[CRIU] stray unix socket not dumped by the diag module?

Tycho Andersen tycho.andersen at canonical.com
Thu Jul 14 14:00:30 PDT 2016


On Thu, Jul 14, 2016 at 08:31:50AM -0600, Tycho Andersen wrote:
> On Thu, Jul 14, 2016 at 02:00:32PM +0300, Pavel Emelyanov wrote:
> > On 07/13/2016 05:53 PM, Tycho Andersen wrote:
> > > On Wed, Jul 13, 2016 at 04:53:53PM +0300, Pavel Emelyanov wrote:
> > >> On 07/13/2016 01:42 AM, Tycho Andersen wrote:
> > >>> Hi guys,
> > >>>
> > >>> I'm getting a,
> > >>>
> > >>> (00.155898) Error (sk-unix.c:294): sk unix: Unix socket 0x5674 not found
> > >>>
> > >>> very rarely when dumping containers. This looks to be some kind of
> > >>> unix socket that systemd has open, full log here:
> > >>>
> > >>> http://paste.ubuntu.com/19219914/
> > >>>
> > >>> but somehow, this socket didn't get dumped in collect_sockets(). I
> > >>> looked through the kernel code, but it's not obvious to me why a
> > >>> socket would be missing. Any ideas where to start digging?
> > >>
> > >> I guess it's the same issue as for TCP sockets -- only bind()-ed or auto-bound
> > >> sockets get into the list reported by the kernel.
> > > 
> > > I see, because they're not in the unix_socket_table I suppose.

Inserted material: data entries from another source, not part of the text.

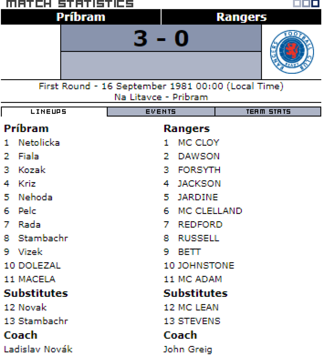 «Дукла» Прага - «Рейнджерс» Глазго - 3:0
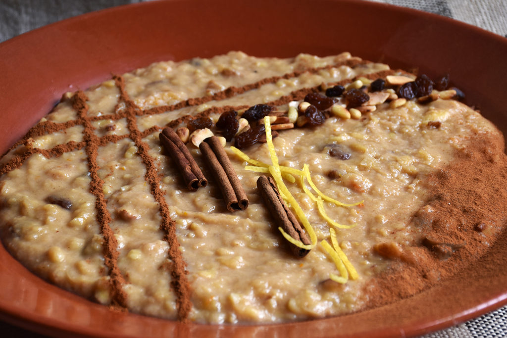 - Acrescente o açúcar, a manteiga, o mel e a canela e leve o preparado ao lume, mexendo continuamente, até obter uma papa.
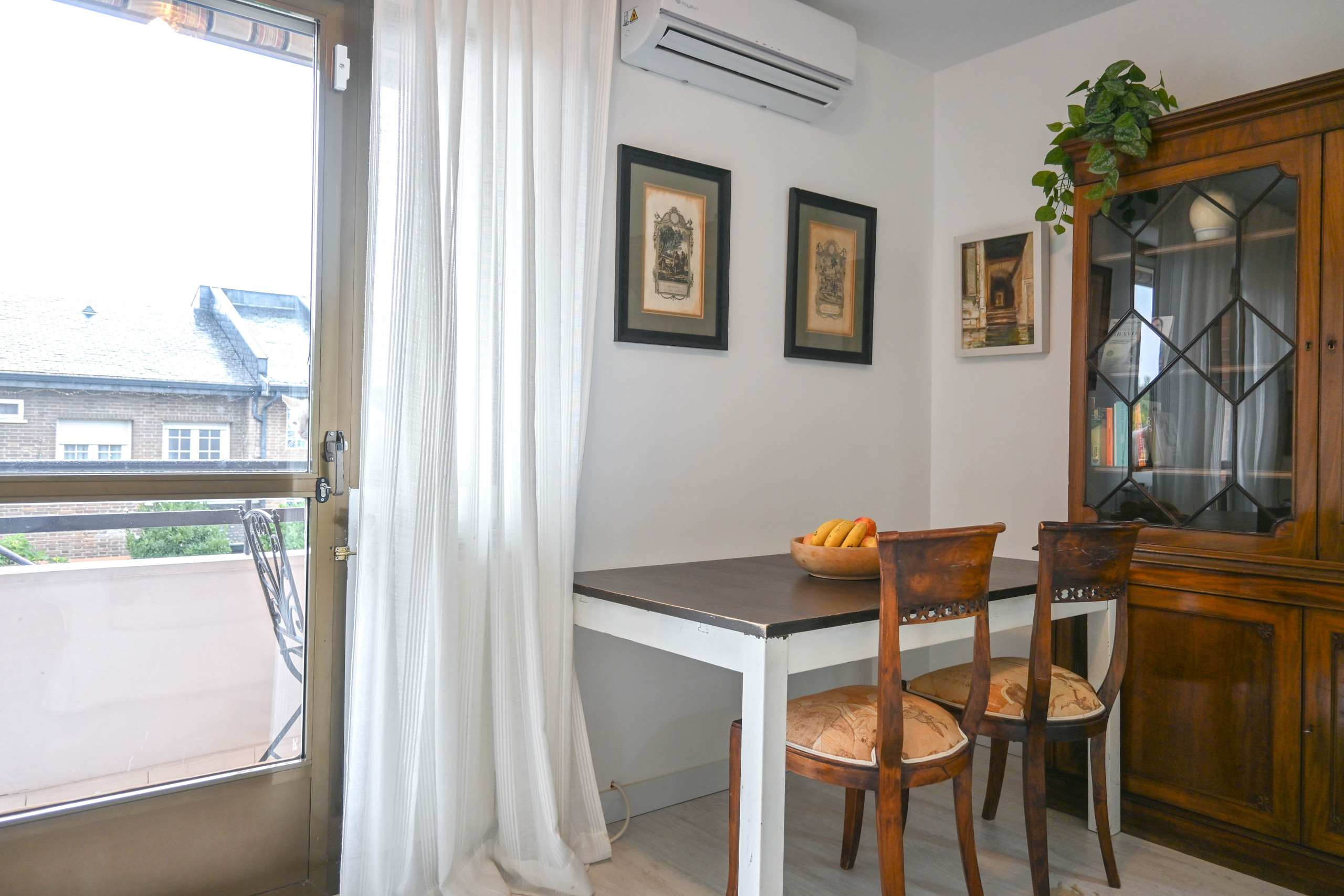 Piso de alquiler Temporal.Este encantador apartamento en Alcobendas, ubicado en una casa de tres plantas, ofrece una experiencia de vida única y confortable. Accediendo a la propiedad, se encuentra una escalera a la izquierda que lleva a la tercera planta, donde comienza la magia de este hogar. Al llegar, se descubre una acogedora terraza en la entrada, equipada con una mesa perfecta para disfrutar de momentos al aire libre.

It
> > > looks like maybe we can get info on these sockets from the diag module
> > > by doing a specific request for them based on their inode number; is
> > > that the right approach?
> > 
> > Nope, the per-socket diag works on the same hash table :( We've met this
> > with TCP sockets already, see the gen_uncon_sk() function in criu/sk-inet.c,
> > I guess we need smth similar for unix sockets.
> 
> Thanks, I missed that. I'll have a look at gen_uncon_sk and see what
> we can do for unix sockets.

So I just started playing around with this (viz. the attached test),
and it passes. I think that's because all unix sockets are actually
added to unix_socket_table in create_unix1:

        unix_insert_socket(unix_sockets_unbound(sk), sk);

Which makes me think that they should always be in there, except for
when they get removed. As near as I can tell, unix_release_sock() is
the only thing that removes them, right at the beginning of the
function.

Is it possible that this is a kernel bug? If the socket is being
released somehow, but the kernel hits the freezer in
unix_release_sock() after they are released at the beginning of the
function? I don't see any obvious place where it would freeze, but
this is the only way I can explain it.